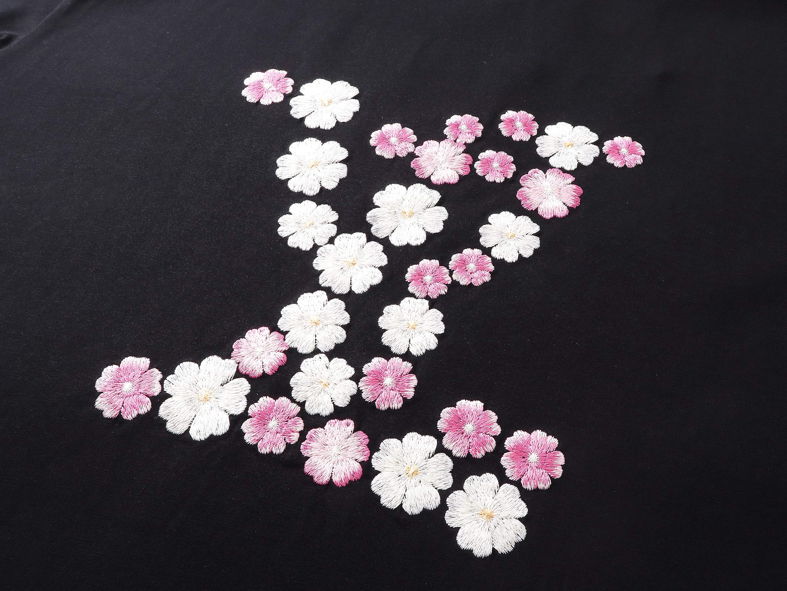 Louis Vuitton Black Cotton T-Shirt with Cherry Blossom Embroidery - Unisex
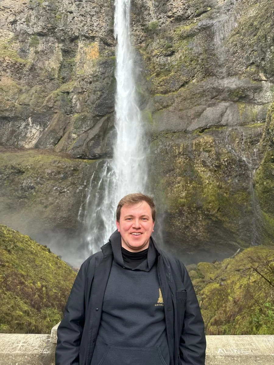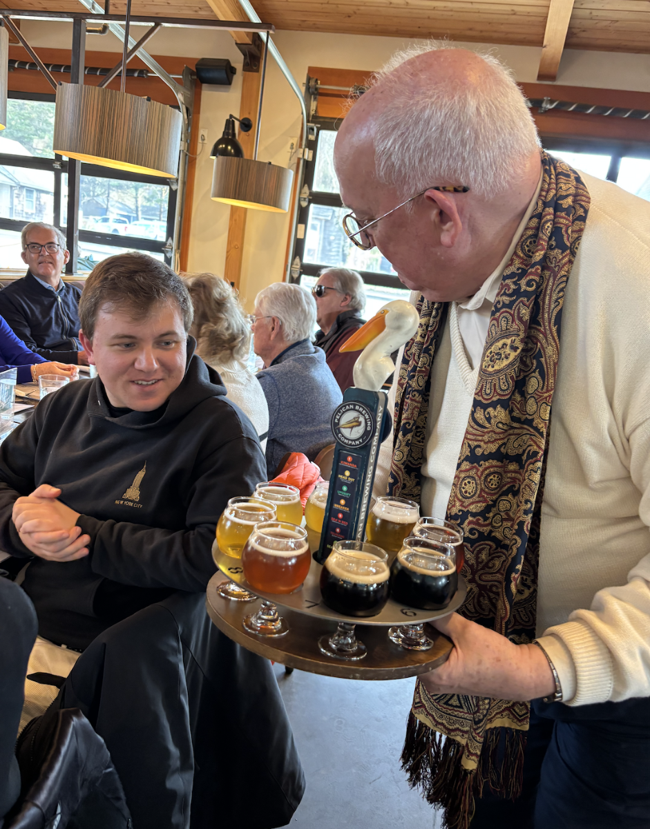 Grinning at the glory of Multnomah Falls, beer tasting with Bill Crane at Pelican Brewing, taking in big views with PPI Board member Kristy Moore.
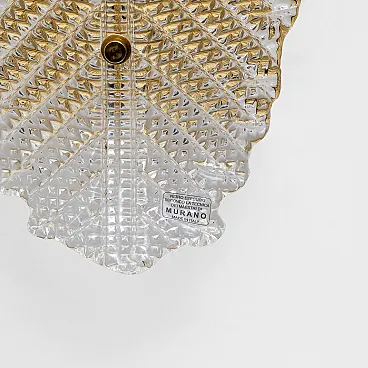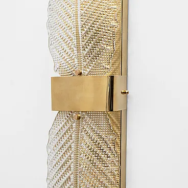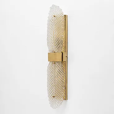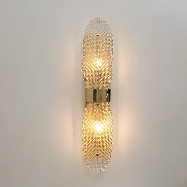 Refined wall lamps composed of two Murano glass elements made with grit, shaped into a stylized leaf. The clear glass features a richly textured surface with geometric patterns and tiny reliefs, which diffuse light softly and shimmeringly, creating a highly decorative effect on the wall.
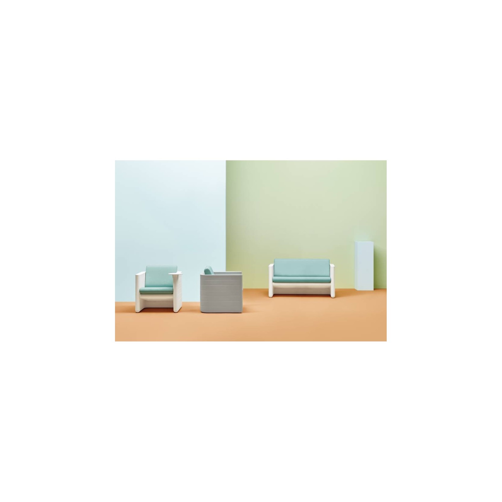 Sunset is a collection of lounge modular seating. Sunset armchair is perfect to enjoy sunny atmospheres. The squared volume in polyethylene embraces the wide seat while horizontal lines run along the outer profile. Available the cushion upholstered with water resistant fabric.

## Task brief
Only the text of the listing above is copied, exactly as written; its pictures are dropped.

## Response area
 Louis Vuitton Black Cotton T-Shirt with Cherry Blossom Embroidery - Unisex
 Grinning at the glory of Multnomah Falls, beer tasting with Bill Crane at Pelican Brewing, taking in big views with PPI Board member Kristy Moore.
 Refined wall lamps composed of two Murano glass elements made with grit, shaped into a stylized leaf. The clear glass features a richly textured surface with geometric patterns and tiny reliefs, which diffuse light softly and shimmeringly, creating a highly decorative effect on the wall.
 Sunset is a collection of lounge modular seating. Sunset armchair is perfect to enjoy sunny atmospheres. The squared volume in polyethylene embraces the wide seat while horizontal lines run along the outer profile. Available the cushion upholstered with water resistant fabric.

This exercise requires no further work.